Most recently, at least half a dozen dissidents were ordered not to leave their homes or were taken to detention centres late Tuesday and early Wednesday after an opposition meeting was scheduled in Havana for Wednesday morning.
``What we are seeing is temporary detentions or orders not to leave houses -- a low-intensity repression, but on a large scale,'' said Elizardo Sanchez, head of the Cuban Commission for Human Rights and National Reconciliation, a local, nongovernmental group.
Cuba's small internal opposition, divided into scores of tiny, illegal groups, has been engaging in a flurry of activity in recent weeks in an apparent attempt to use November's Ibero-American Summit in Havana to make their voice heard.
``There is a certain effervescence among the dissidents before the summit, which the government is reacting to,'' added Sanchez.
The dissidents have no access to state media, and are generally better known by foreign correspondents and diplomats in Havana than by the Cuban public at large.
Believing the summit affords them a measure of protection and a focus for protest, the dissidents have been holding a series of meetings and news conferences to outline their ideas for reform to Cuba's one-party socialist system.

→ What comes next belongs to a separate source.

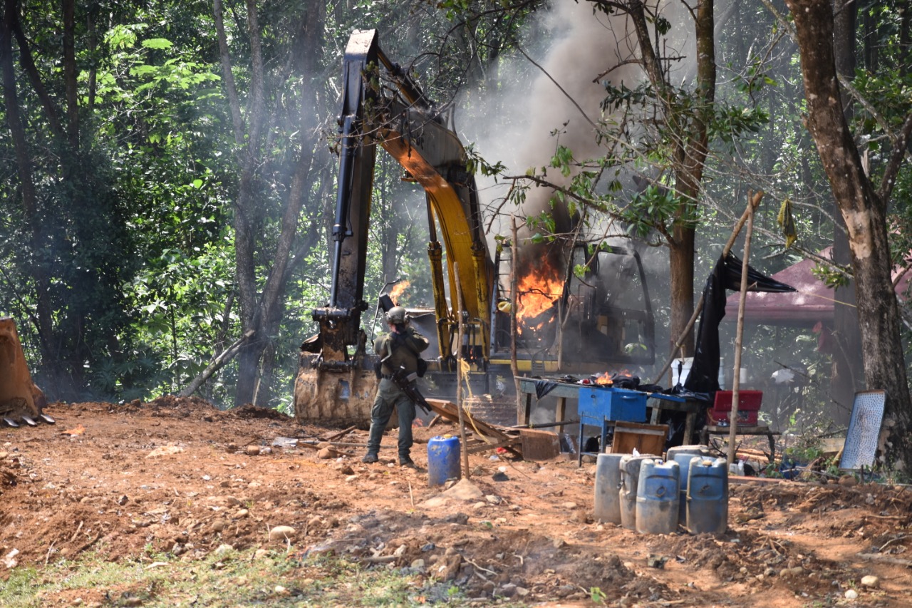 Los componentes de la Fuerza Pública llegaron hasta zona rural del corregimiento de El Jardín, municipio de Cáceres, Antioquia, gracias al llamado que realizaron las Redes de Información, donde se logró la destrucción controlada de varias maquinarias utilizadas para la explotación ilícita de yacimientos mineros. En el sitio fueron destruidos cinco excavadoras, dos unidades de producción minera (UPM), una draga, un motor Mac y demás elementos usados para la explotación ilícita.

Some of the more radical activists have been urging a campaign of civil disobedience against President Fidel Castro's government, in power since the 1959 Cuban Revolution.
In public, the government has responded with scorn, describing its opponents as ``counter-revolutionaries'' who have no popular support, break Cuban law, and are puppets of the United States.
Havana is eager for the Nov. 15-16 summit, which will bring together heads of state from Latin America, Spain and Portugal, to be a diplomatic success.
Hosting the annual summit for the first time, Cuba views the event as its most important since Pope John Paul II's historic visit to the island in January 1998.